Kissing bugs (Hemiptera: Reduviidae: Triatominae) are able to bend their rod-like maxillae while searching for blood vessels in the tissue of their vertebrate hosts. Little is known about the working mechanisms of these bending movements and the distal opening of the food channel. We compared the morphological structure of the stylets (mandibles and maxillae) of four triatomine species and analyzed the feeding process of Dipetalogaster maxima (Uhler, 1894). The maxillae of triatomine bugs are interlocked by a tongue-and-groove system, allowing longitudinal sliding. While penetrating the host tissue, the animals perform rapid alternate back and forth movements of the maxillae. The resistance of the surrounding tissue pushes the asymmetric apex of the maxillae away from its straight path, i.e., if one individual maxilla is protracted alone, its tip curves inwards, and the other maxilla follows. Once a blood vessel is tapped, the spine-like tip of the left maxilla splays outwards. Apically, each of the maxillae features an abutment, the left one exhibiting a notch that presumably facilitates splaying. The mechanical interaction of the two maxillary abutments enables the distal opening of the food channel but might also support the movements of the maxillary bundle attributable to different bending moment distributions.

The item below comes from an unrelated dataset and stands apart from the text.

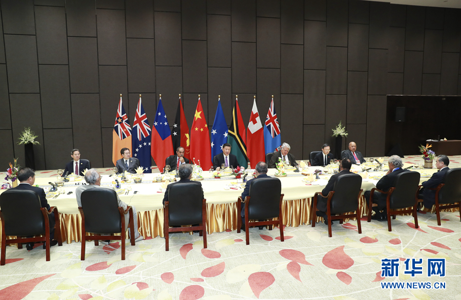 11月16日,國(guó)家主席習(xí)近平在莫爾茲比港同巴布亞新幾內(nèi)亞總理奧尼爾、密克羅尼西亞聯(lián)邦總統(tǒng)克里斯琴、薩摩亞總理圖伊拉埃帕、瓦努阿圖總理薩爾瓦伊、庫(kù)克群島總理普納、湯加首相波希瓦、紐埃總理塔拉吉等建交太平洋島國(guó)領(lǐng)導(dǎo)人以及斐濟(jì)政府代表、國(guó)防部長(zhǎng)昆布安博拉舉行集體會(huì)晤。習(xí)近平主持會(huì)晤并發(fā)表主旨講話(huà)。 新華社記者 龐興雷 攝
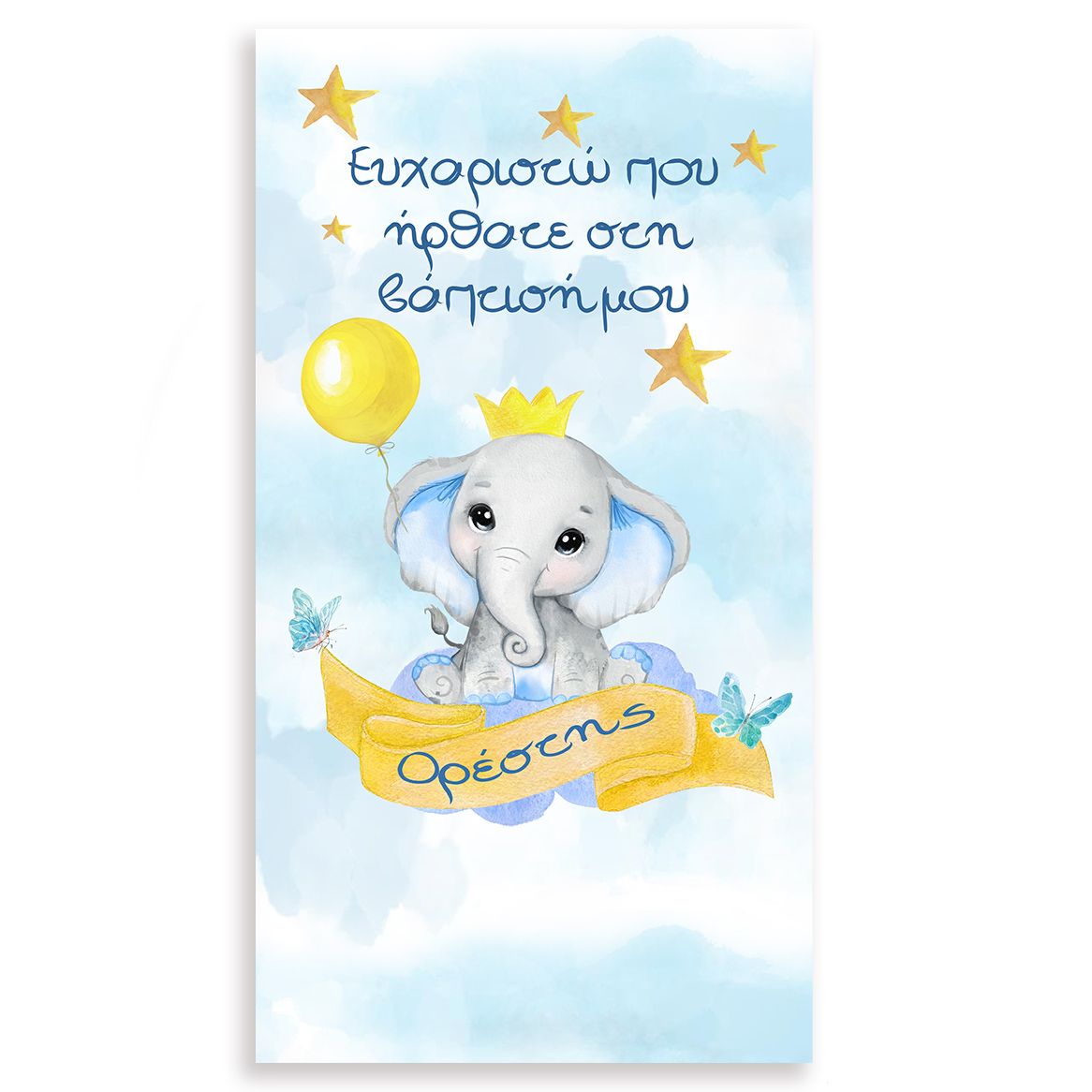 Μεγάλη αφίσα για να διακοσμήσετε το χώρο του πάρτυ ή της βάπτισης, με θέμα το Ελεφαντάκι και εκτυπωμένο το μήνυμα που θέλετε!

接吻的臭虫（半翅目：Reduviidae：Triatominae）能够弯曲杆状上颌，同时在脊椎动物宿主的组织中寻找血管。对于这些弯曲运动和食物通道的远侧开口的工作机理知之甚少。我们比较了四种三角藻种类的通心粉（下颌骨和上颌骨）的形态结构，并分析了最大的Dipetalogaster的取食过程（Uhle​​r，1894）。三角榫bug的上颚由舌沟系统互锁，从而允许纵向滑动。在穿透宿主组织的同时，动物进行上颌骨的快速交替来回运动。周围组织的阻力将上颌骨的不对称顶点推离其笔直路径，即，如果一个上颌骨单独伸出，其尖端向内弯曲，而另一上颌骨则跟随其后。轻拍血管后，左上颌骨的脊柱状尖端向外张开。根尖上，每个上颌都有一个基台，左上有一个可能有助于张开的凹口。